[Entries taken from a collection]:
══════

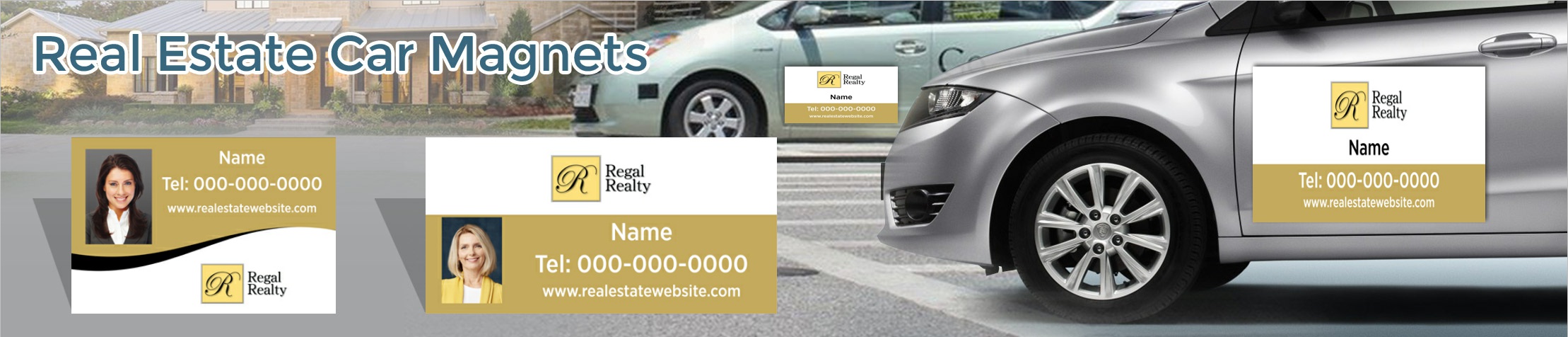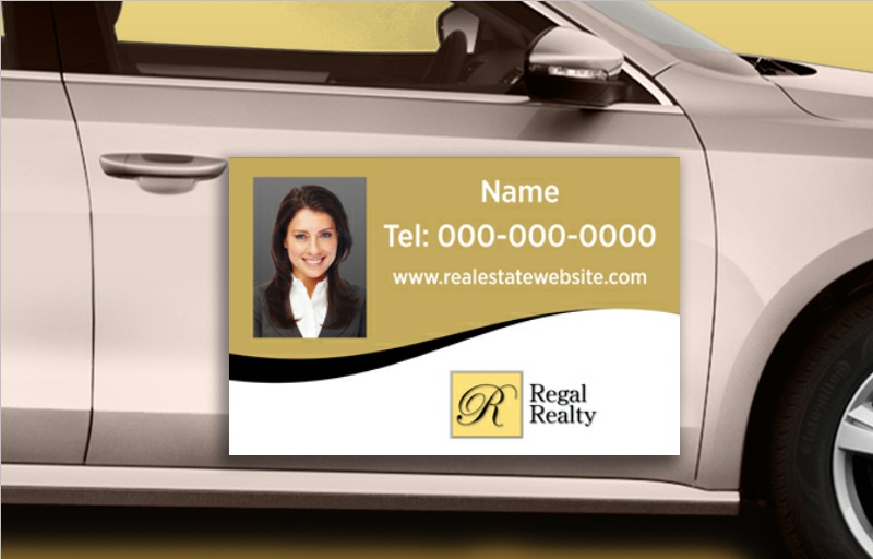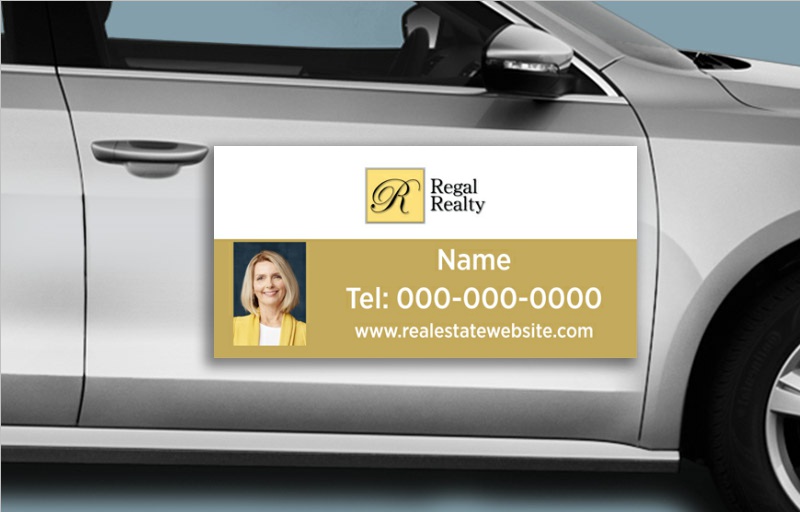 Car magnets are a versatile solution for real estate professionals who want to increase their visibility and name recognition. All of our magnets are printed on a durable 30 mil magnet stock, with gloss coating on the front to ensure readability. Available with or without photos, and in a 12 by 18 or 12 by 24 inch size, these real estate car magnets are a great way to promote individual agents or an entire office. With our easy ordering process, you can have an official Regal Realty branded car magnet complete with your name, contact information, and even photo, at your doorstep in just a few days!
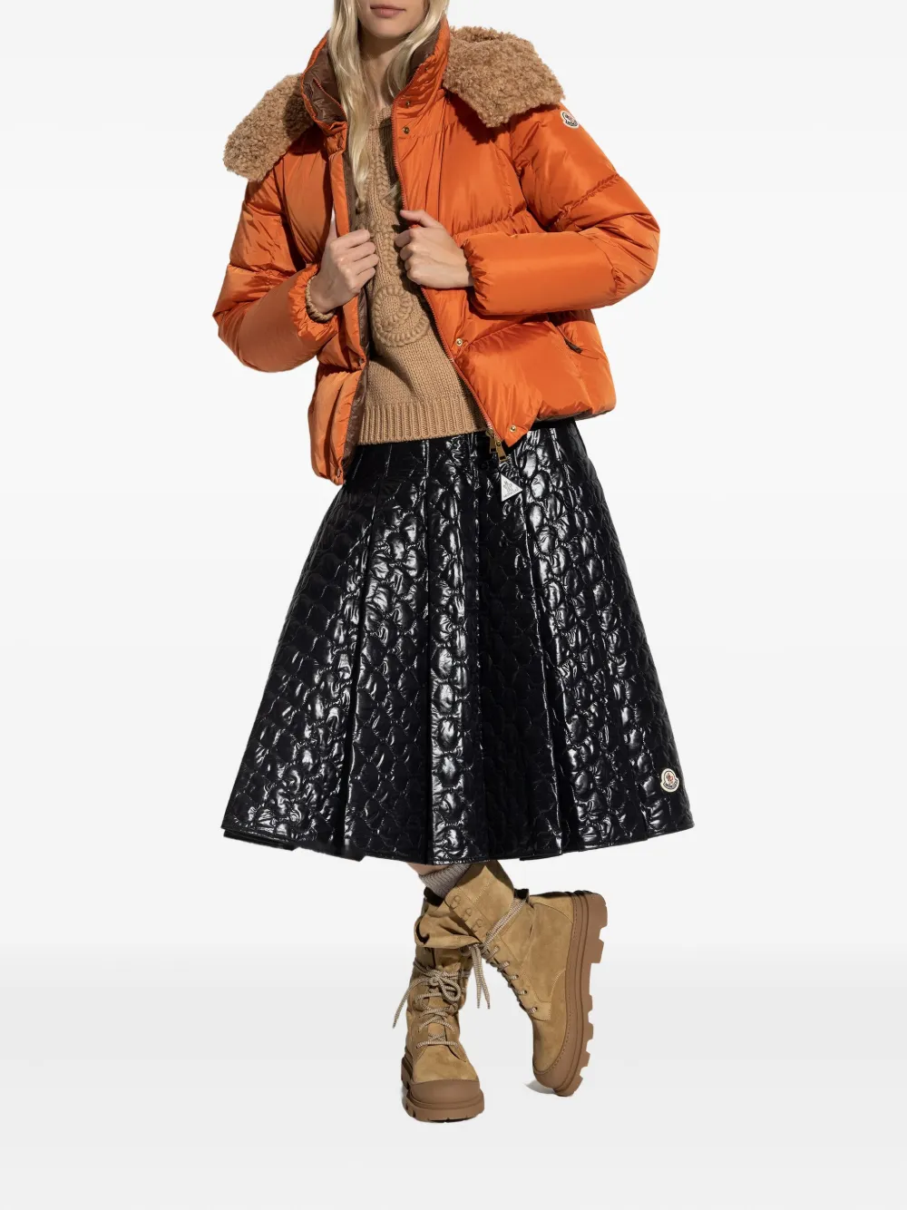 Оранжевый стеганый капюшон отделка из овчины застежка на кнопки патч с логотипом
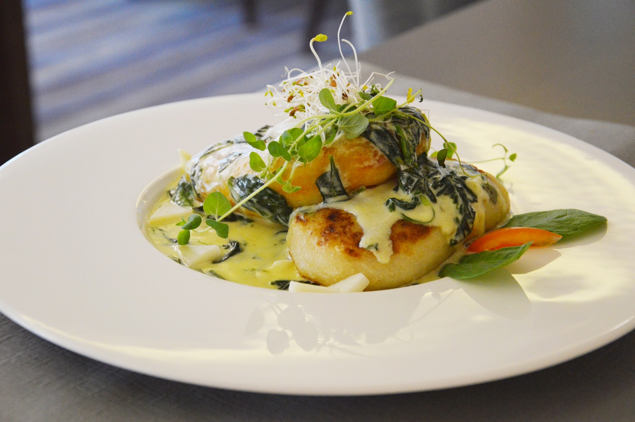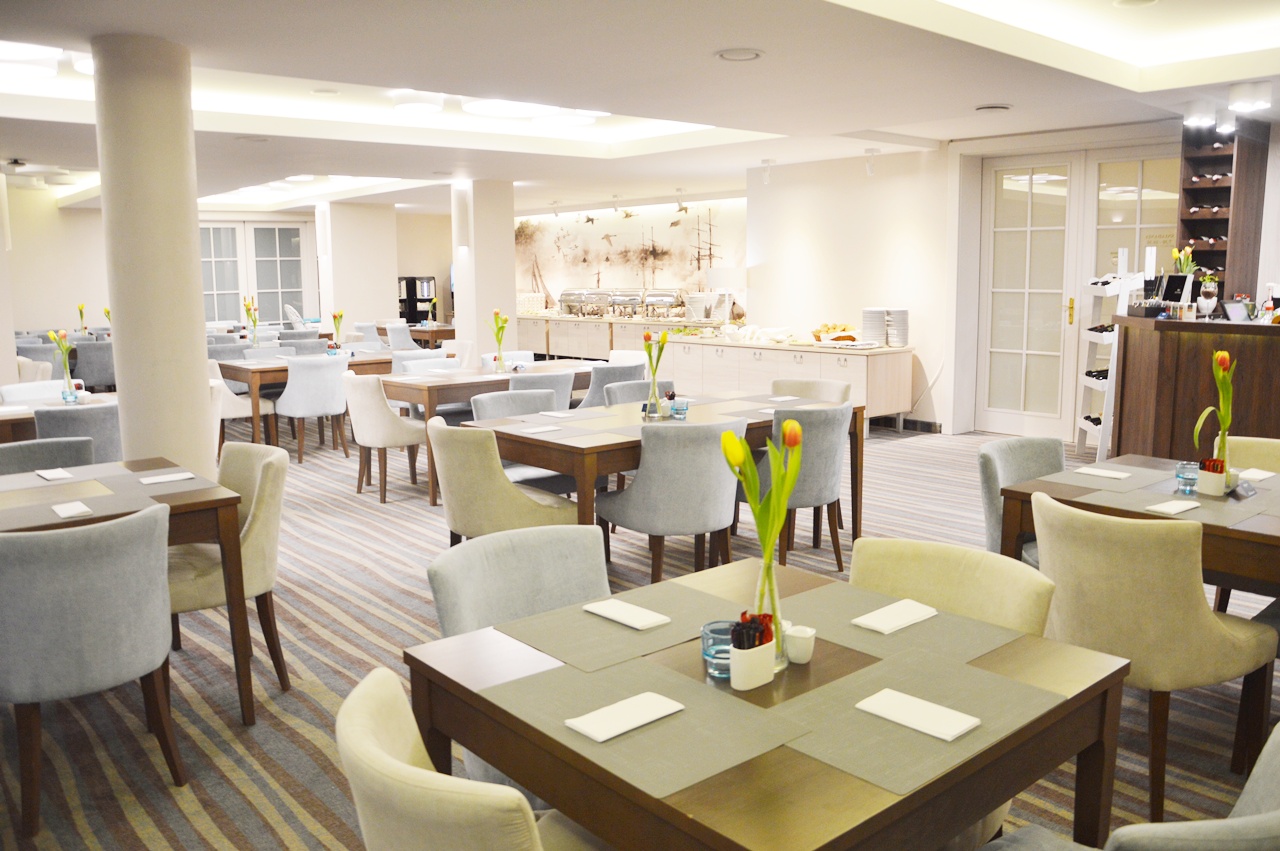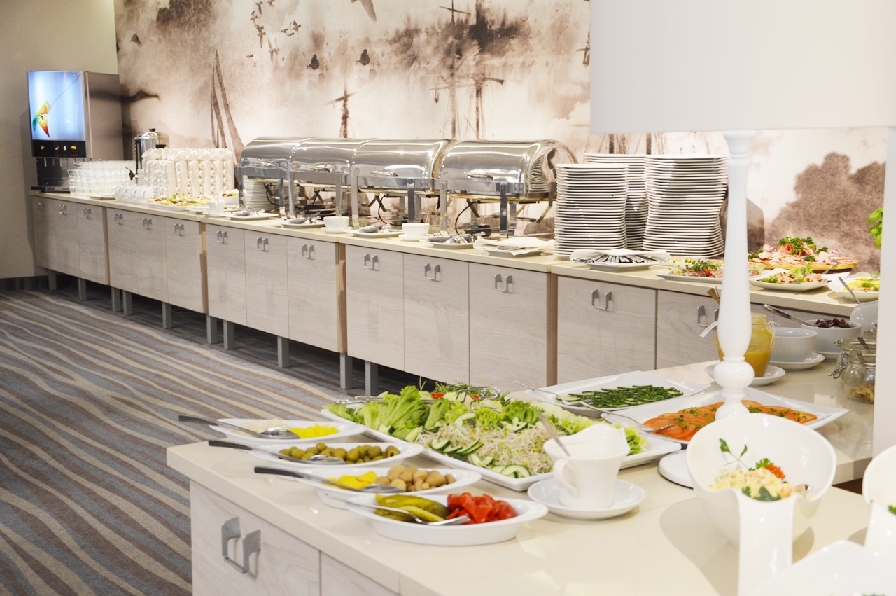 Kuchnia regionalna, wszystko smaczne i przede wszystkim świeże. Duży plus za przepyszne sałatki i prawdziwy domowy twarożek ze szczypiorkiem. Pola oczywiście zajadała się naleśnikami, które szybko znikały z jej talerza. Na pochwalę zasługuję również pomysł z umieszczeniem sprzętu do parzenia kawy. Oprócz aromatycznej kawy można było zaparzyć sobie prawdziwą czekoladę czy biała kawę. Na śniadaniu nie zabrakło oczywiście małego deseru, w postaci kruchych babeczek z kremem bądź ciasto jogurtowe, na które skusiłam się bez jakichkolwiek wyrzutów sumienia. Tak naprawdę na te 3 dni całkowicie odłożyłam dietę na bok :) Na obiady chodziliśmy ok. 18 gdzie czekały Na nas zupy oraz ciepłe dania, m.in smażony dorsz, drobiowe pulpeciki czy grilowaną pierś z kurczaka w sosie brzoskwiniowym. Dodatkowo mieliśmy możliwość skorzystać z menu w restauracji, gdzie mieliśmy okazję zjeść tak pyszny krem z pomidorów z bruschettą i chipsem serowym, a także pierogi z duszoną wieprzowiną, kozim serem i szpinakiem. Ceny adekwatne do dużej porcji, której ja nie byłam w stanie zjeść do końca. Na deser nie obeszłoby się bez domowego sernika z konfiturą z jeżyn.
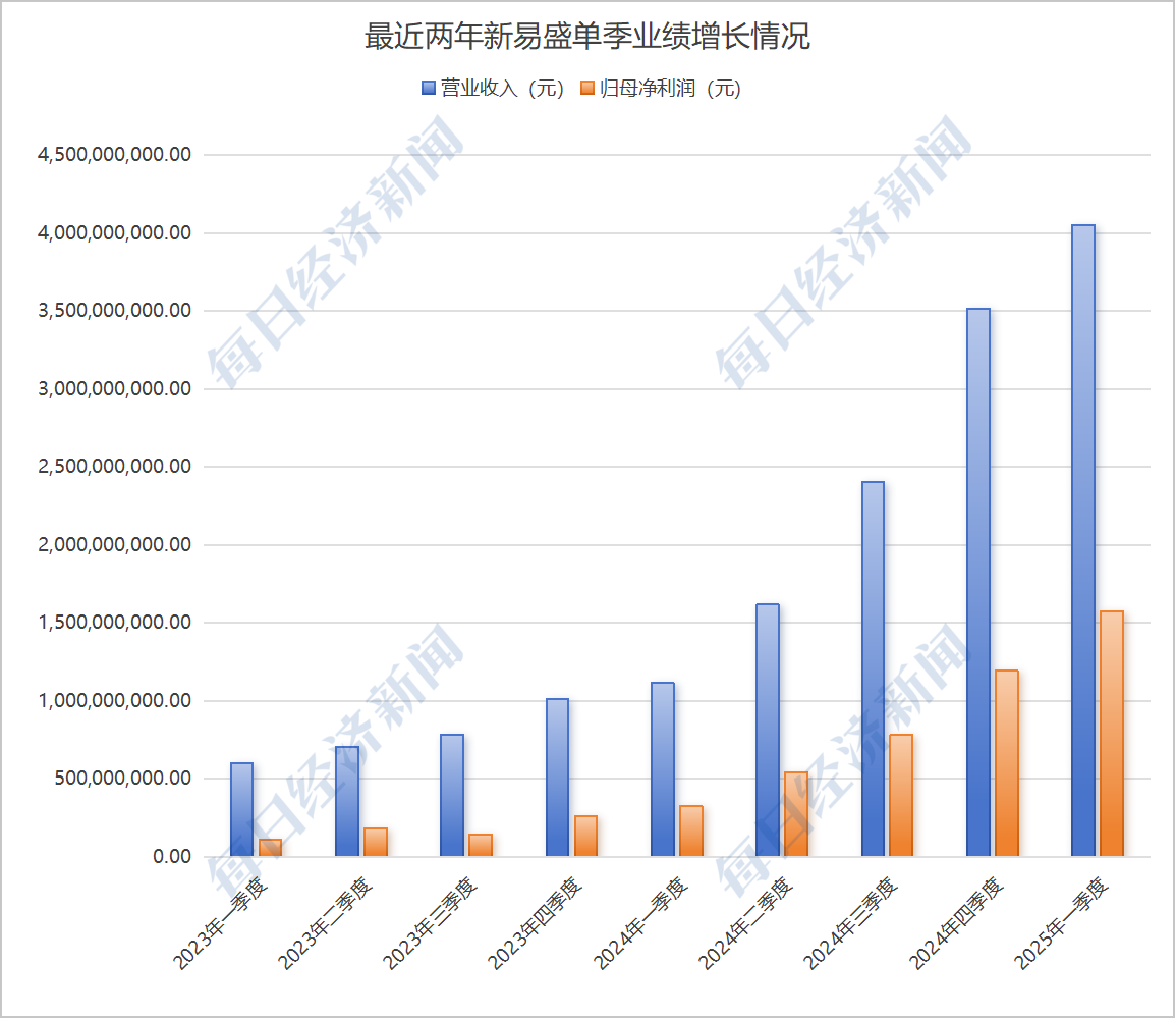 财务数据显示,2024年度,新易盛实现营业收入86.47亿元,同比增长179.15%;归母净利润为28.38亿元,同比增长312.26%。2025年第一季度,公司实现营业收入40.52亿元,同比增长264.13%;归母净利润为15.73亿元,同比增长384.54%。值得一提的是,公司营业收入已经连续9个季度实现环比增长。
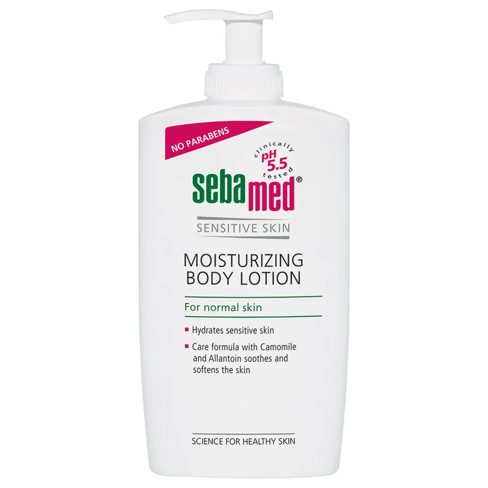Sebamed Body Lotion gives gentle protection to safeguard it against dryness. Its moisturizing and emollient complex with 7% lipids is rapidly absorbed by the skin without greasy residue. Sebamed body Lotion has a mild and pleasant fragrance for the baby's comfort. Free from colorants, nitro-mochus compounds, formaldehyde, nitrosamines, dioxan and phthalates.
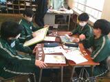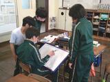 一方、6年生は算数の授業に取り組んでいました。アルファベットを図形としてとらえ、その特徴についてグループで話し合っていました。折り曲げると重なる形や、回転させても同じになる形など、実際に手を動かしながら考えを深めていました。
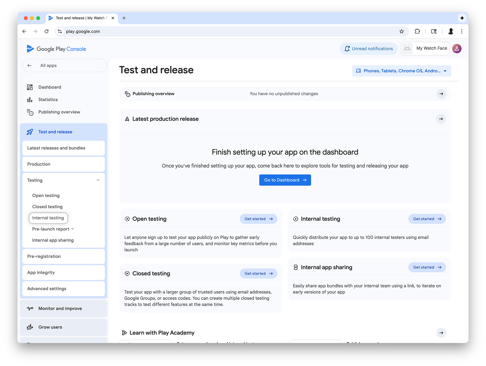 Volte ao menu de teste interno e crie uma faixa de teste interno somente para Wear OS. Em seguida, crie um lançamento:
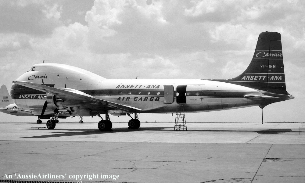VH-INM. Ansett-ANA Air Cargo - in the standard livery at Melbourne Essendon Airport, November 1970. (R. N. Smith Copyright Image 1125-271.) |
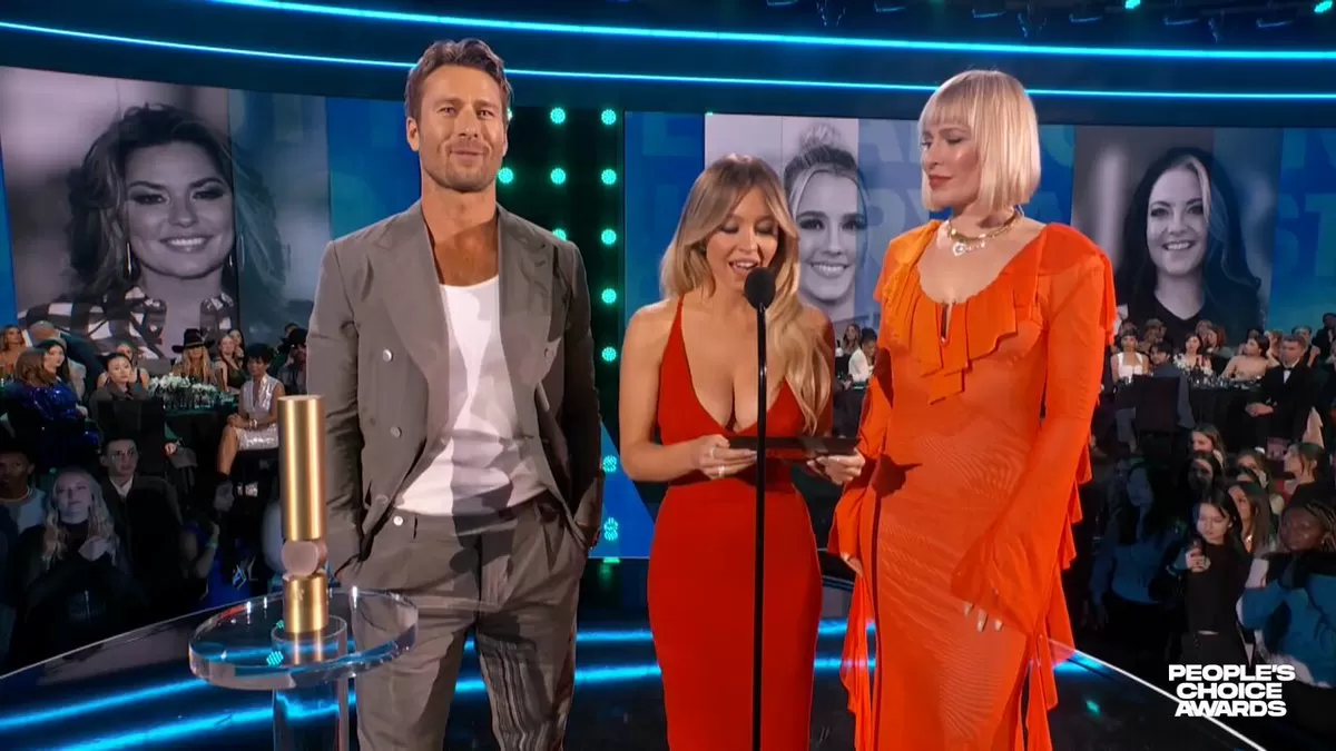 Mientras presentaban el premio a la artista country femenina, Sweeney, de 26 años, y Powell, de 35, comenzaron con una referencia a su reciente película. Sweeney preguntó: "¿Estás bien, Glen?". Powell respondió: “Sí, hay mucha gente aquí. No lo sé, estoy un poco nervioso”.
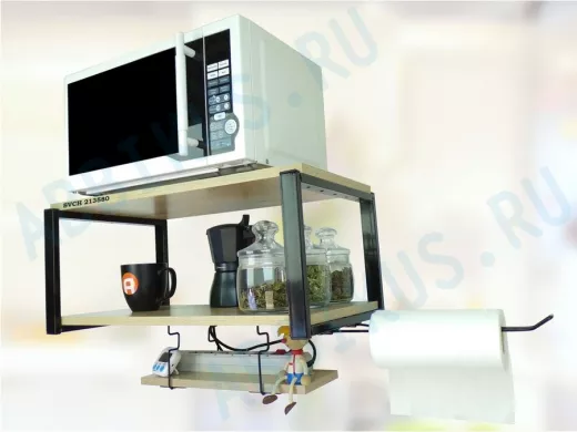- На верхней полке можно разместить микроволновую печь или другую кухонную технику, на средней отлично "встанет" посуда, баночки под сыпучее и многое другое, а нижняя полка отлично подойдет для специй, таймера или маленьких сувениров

══════

[YOUR GOAL]: In your reply, please set down exactly the lines from the one containing "财务数据显示,2024年度,新易盛实现营" through the end of the records, with the pictures left out.

[SOLUTION]:
 财务数据显示,2024年度,新易盛实现营业收入86.47亿元,同比增长179.15%;归母净利润为28.38亿元,同比增长312.26%。2025年第一季度,公司实现营业收入40.52亿元,同比增长264.13%;归母净利润为15.73亿元,同比增长384.54%。值得一提的是,公司营业收入已经连续9个季度实现环比增长。
Sebamed Body Lotion gives gentle protection to safeguard it against dryness. Its moisturizing and emollient complex with 7% lipids is rapidly absorbed by the skin without greasy residue. Sebamed body Lotion has a mild and pleasant fragrance for the baby's comfort. Free from colorants, nitro-mochus compounds, formaldehyde, nitrosamines, dioxan and phthalates.
 一方、6年生は算数の授業に取り組んでいました。アルファベットを図形としてとらえ、その特徴についてグループで話し合っていました。折り曲げると重なる形や、回転させても同じになる形など、実際に手を動かしながら考えを深めていました。
 Volte ao menu de teste interno e crie uma faixa de teste interno somente para Wear OS. Em seguida, crie um lançamento:
VH-INM. Ansett-ANA Air Cargo - in the standard livery at Melbourne Essendon Airport, November 1970. (R. N. Smith Copyright Image 1125-271.) |
 Mientras presentaban el premio a la artista country femenina, Sweeney, de 26 años, y Powell, de 35, comenzaron con una referencia a su reciente película. Sweeney preguntó: "¿Estás bien, Glen?". Powell respondió: “Sí, hay mucha gente aquí. No lo sé, estoy un poco nervioso”.
- На верхней полке можно разместить микроволновую печь или другую кухонную технику, на средней отлично "встанет" посуда, баночки под сыпучее и многое другое, а нижняя полка отлично подойдет для специй, таймера или маленьких сувениров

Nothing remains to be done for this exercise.